Typing file myfile.tex in a terminal can sometimes tell you the encoding and type of file using a series of algorithms and magic numbers. It's fairly useful but don't rely on it providing concrete or reliable information.
A Localizable.strings file (found in localised Mac OS X applications) is typically reported to be a UTF-16 C source file.
Synalyze It! allows to compare text or bytes in all encodings the ICU library offers. Using that feature you usually see immediately which code page makes sense for your data.
You can try loading the file into a firefox window then go to View - Character Encoding. There should be a check mark next to the file's encoding type.
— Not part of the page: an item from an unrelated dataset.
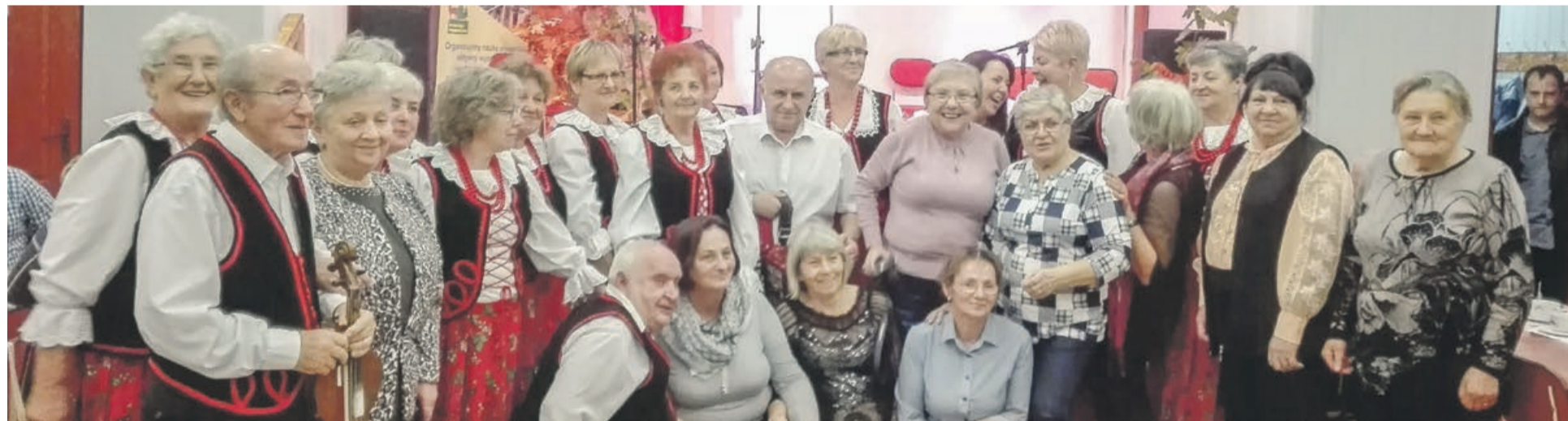
Miło mieć pamiątkowe zdjęcie z takiego spotkania

Łącznie w projekcie udział wzięło około 200 osób w tym: Chór Pięknolesie, Zespół Jarzębina, Zespół Gościeszanki, Kabaret Oj, Tam, Oj, Tam. PAS

I implemented the bash script below, it works for me.
It first tries to iconv from the encoding returned by file --mime-encoding to utf-8.
If that fails, it goes through all encodings and shows the diff between the original and re-encoded file. It skips over encodings that produce a large diff output ("large" as defined by the MAX_DIFF_LINES variable or the second input argument), since those are most likely the wrong encoding.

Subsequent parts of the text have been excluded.